Write the data out in full and word for word. Do not include images.

- Opening Delimiter -

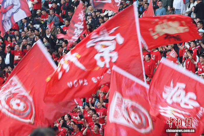 3月25日,江苏常州取湖北永州脚球友情交换赛正在常州奥体中央运动场举办,终究,常州队1比0打败永州队。角逐进程中,两边球员拼劲实足,不雅赛球迷感情飞腾。图为常州队球迷为角逐摇旗高歌。中新社记者 泱波 摄
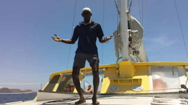 Navigation retour avec rhum-punch à volonté (sans excès pour moi). C’est toujours agréable de se reposer sur les filets du cata en regardant la mer d’un bleu magnifique défiler sous le bâteau. L'occasion aussi de voir des nuées de poissons volants : je n’imaginais pas que ceux-ci pouvaient voler au raz des vagues sur des dizaines de mètres. Pendant ce temps, le rasta Elvis fait le spectacle !
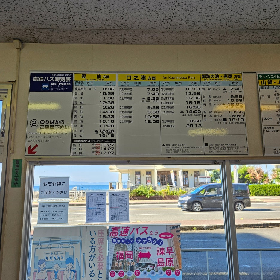 앞서 설명을 잠시 했지만, 오바마에서 운젠을 대중교통으로 가려면, 1시간에 1대 정도 있는 버스를 이용해야 한다. 터미널에 들어가면 시간표가 양쪽 벽에 붙어 있는데, 운젠(雲仙) 이라고 적혀있는 시간표를 확인하면 된다.
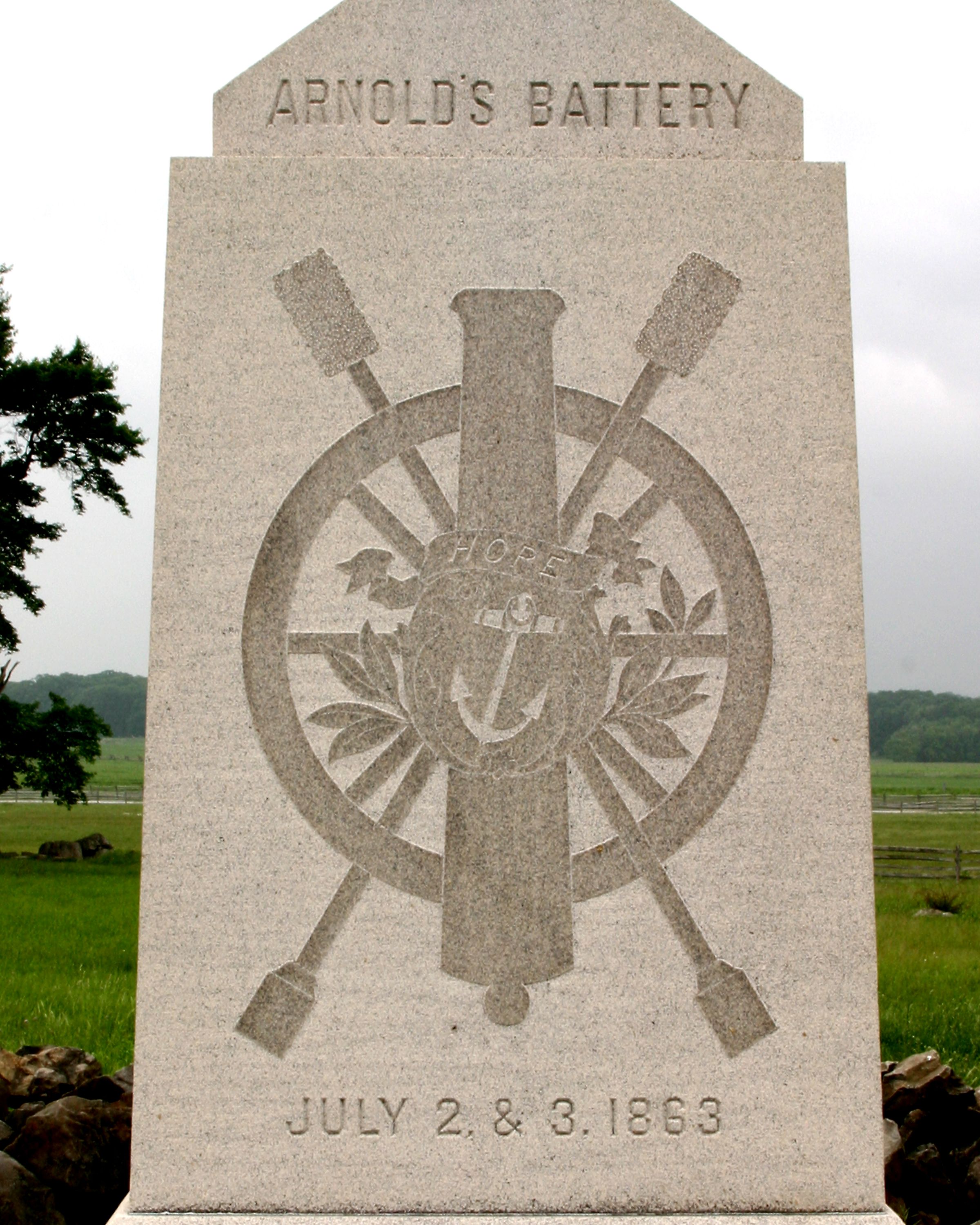 1 of 4 monuments to Rhode Island. Indicates 1st position Battery A, 1st RI morning Jul 2,1863. Jul 3, 1863, exhausted ammo, retired from field to avoid capture. 3 cannon associated w/Mn. Located W side Hancock Ave, N of Angle. || MN & 4 Cannon. Mn: base 4'-6" sq, 2 part stepped shaft, cap w/trefoil design at apex. incised inscriptions N-S elevations. polished granite crest E elevation framed by incised inscrip. 4 Cannon mounted 2 S, 2 N, 1 by Andrews Sharpshooters.
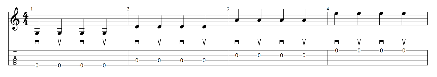 Bevor wir Akkorde einbauen, solltest Du die Abschlag- und Aufschlagbewegung auf den vier einzelnen Saitenpaaren üben.
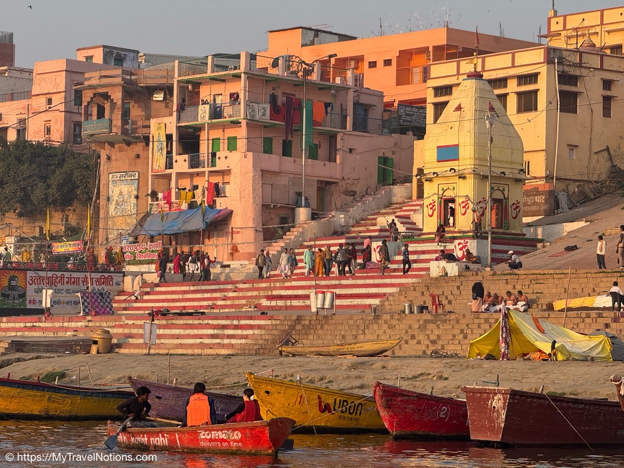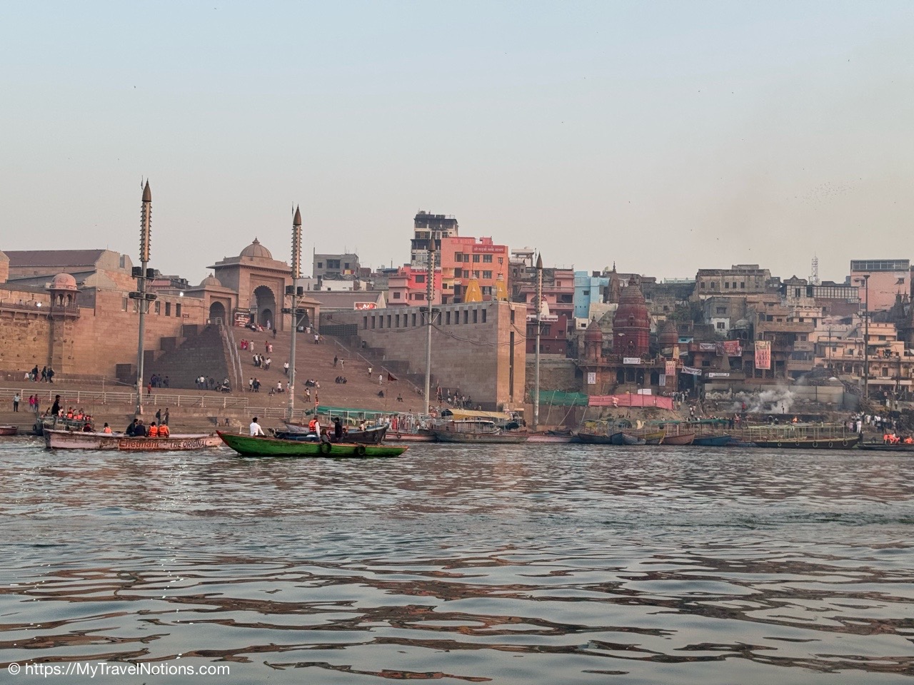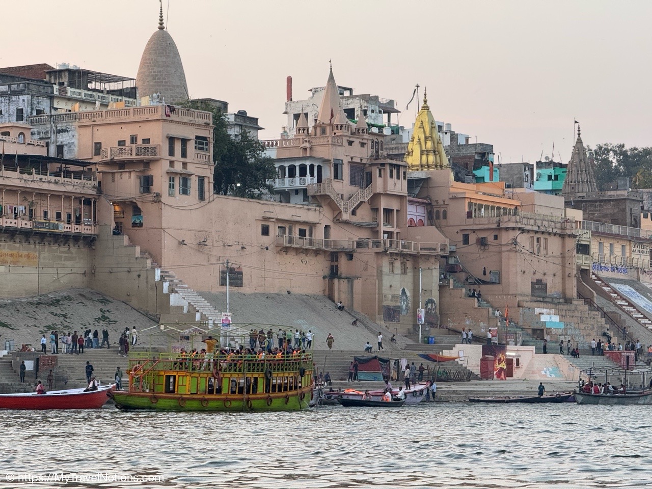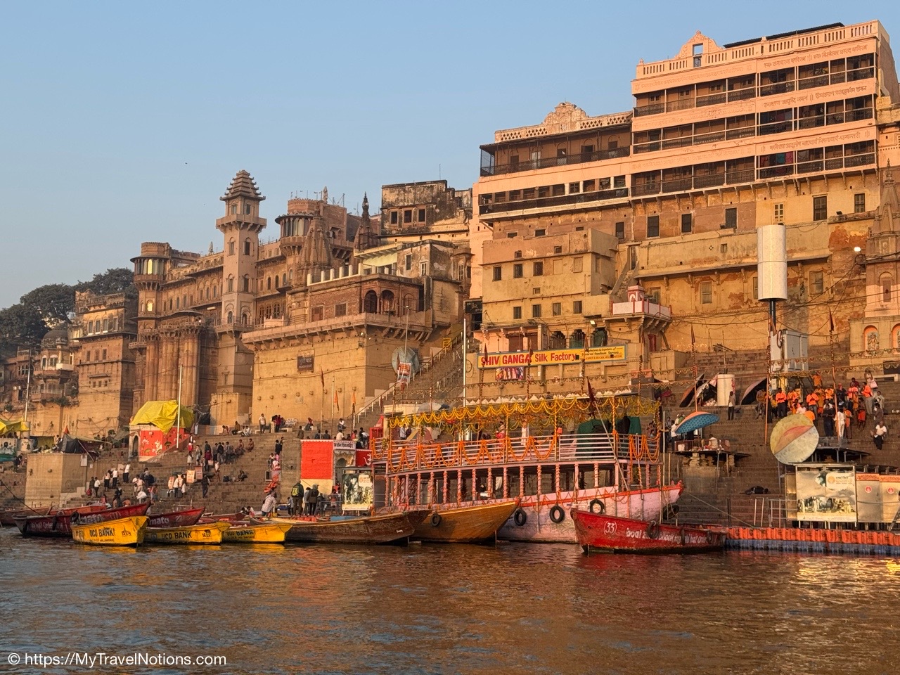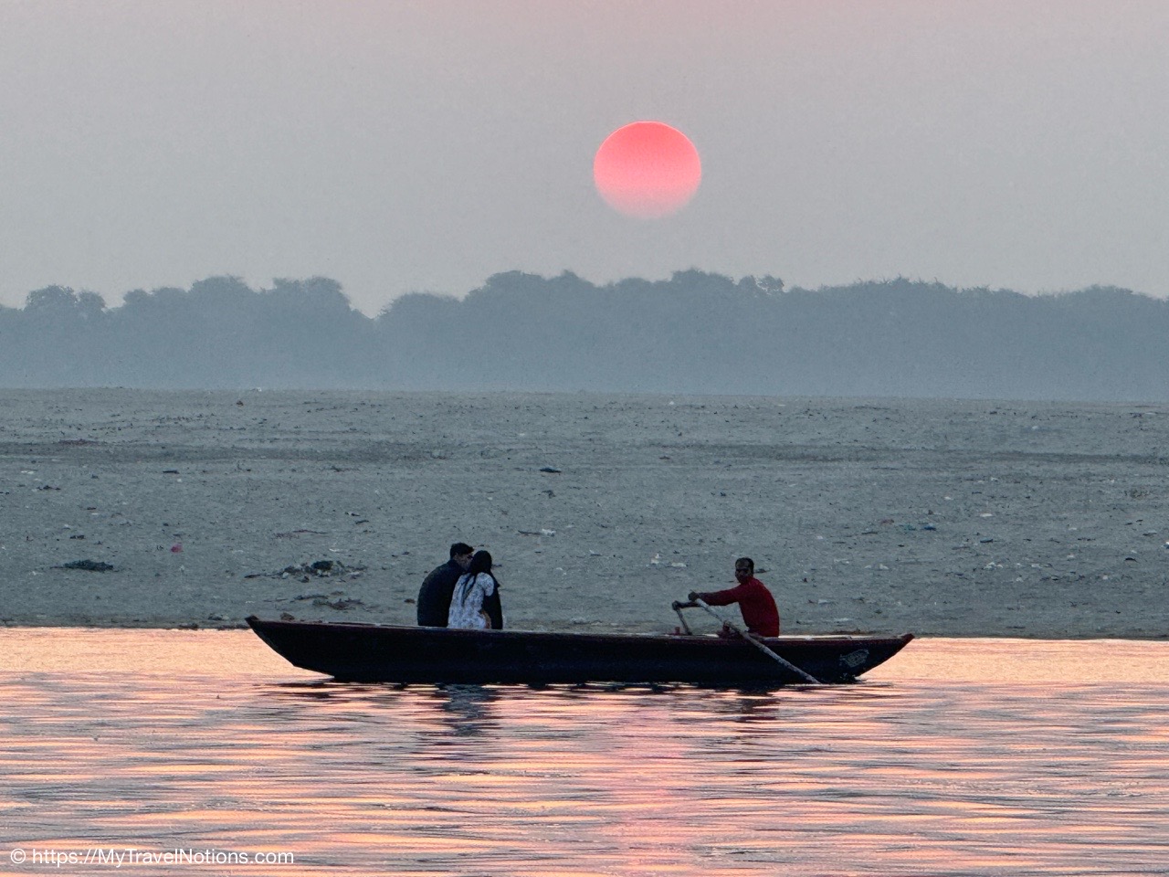 Sunrise boat ride over the Ganges river and the Darbhanga Ghat in Varanasi. (March 11, 2025)

- Closing Delimiter -

» **ANSWER TO THIS PROBLEM**
 3月25日,江苏常州取湖北永州脚球友情交换赛正在常州奥体中央运动场举办,终究,常州队1比0打败永州队。角逐进程中,两边球员拼劲实足,不雅赛球迷感情飞腾。图为常州队球迷为角逐摇旗高歌。中新社记者 泱波 摄
 Navigation retour avec rhum-punch à volonté (sans excès pour moi). C’est toujours agréable de se reposer sur les filets du cata en regardant la mer d’un bleu magnifique défiler sous le bâteau. L'occasion aussi de voir des nuées de poissons volants : je n’imaginais pas que ceux-ci pouvaient voler au raz des vagues sur des dizaines de mètres. Pendant ce temps, le rasta Elvis fait le spectacle !
 앞서 설명을 잠시 했지만, 오바마에서 운젠을 대중교통으로 가려면, 1시간에 1대 정도 있는 버스를 이용해야 한다. 터미널에 들어가면 시간표가 양쪽 벽에 붙어 있는데, 운젠(雲仙) 이라고 적혀있는 시간표를 확인하면 된다.
 1 of 4 monuments to Rhode Island. Indicates 1st position Battery A, 1st RI morning Jul 2,1863. Jul 3, 1863, exhausted ammo, retired from field to avoid capture. 3 cannon associated w/Mn. Located W side Hancock Ave, N of Angle. || MN & 4 Cannon. Mn: base 4'-6" sq, 2 part stepped shaft, cap w/trefoil design at apex. incised inscriptions N-S elevations. polished granite crest E elevation framed by incised inscrip. 4 Cannon mounted 2 S, 2 N, 1 by Andrews Sharpshooters.
 Bevor wir Akkorde einbauen, solltest Du die Abschlag- und Aufschlagbewegung auf den vier einzelnen Saitenpaaren üben.
 Sunrise boat ride over the Ganges river and the Darbhanga Ghat in Varanasi. (March 11, 2025)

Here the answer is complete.